John Cockayne: Effective marketing for golf will boost tourism.


Pic: Fancourt Links.

By John Cockayne, Destination Golf Ambassador, Southern Africa & Indian Ocean Islands.

The industry and tourism bodies need to work together to attract more golfers.

During the second half of 2019, I introduced the No 1 golf travel publication on Google — Destination Golf Travel (DGT) — into our region. This was in preparation for the launch of the publication’s regional Southern Africa and the Indian Ocean Islands (SAIO) golf courses’ guide.

As background, DGT is a marketing platform and its structure offers partners (golf clubs, golf estates, tour operators and tourism bodies) an interactive dialogue with DGT’s subscribers and network of golf industry associates. The interaction is through an online publication (, which has 26 multilingual individual regional guides, an overarching annual global publication and more than 560,000 subscribers and users.

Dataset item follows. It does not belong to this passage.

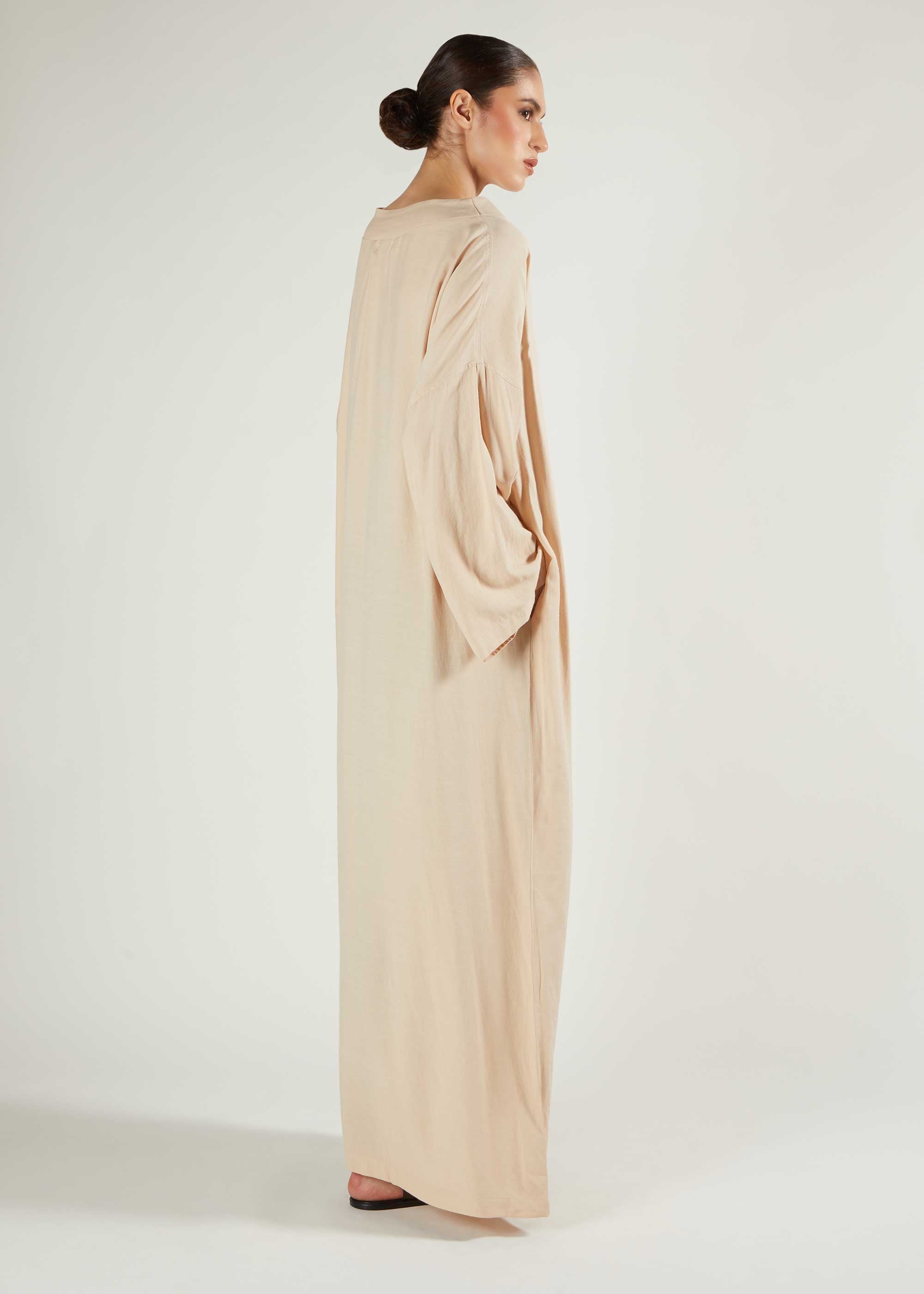 This abaya showcases a boat neckline and a modest, relaxed silhouette. Ideal for both home and travel, it seamlessly integrates into your daily wardrobe and works well for layering. It also includes subtle side pockets for added convenience.

GolfVistaSA (GV), DGT’s local information partner supplies more detailed local content and a listing on GV ( is free of charge to SA’s clubs. The website includes information on things to do and see and options on where to eat and stay in proximity to each golf course.

Preparing the ground involved broad reaching discussions, in person and via phone and e-mail across the region, with numerous golf clubs, resorts, travel companies, tour operators and venues.

The following is a summary of some of the key points that arose from these discussions and some thoughts on them:

• A wish for more of the tourism money spend to be linked to golf.

The bottom line with this is that we cannot hope to get a larger share of the spend, unless we tell our markets that we are here.

Discussions, with a number of individuals in the regions, highlighted the feeling that the Western Cape is “spoiling” or “milking” the international travel market by overcharging for golf. A consistent criticism was that you pay more for a single round of golf in the Western Cape than for a whole four-ball in Gauteng, the Eastern Cape or KwaZulu-Natal.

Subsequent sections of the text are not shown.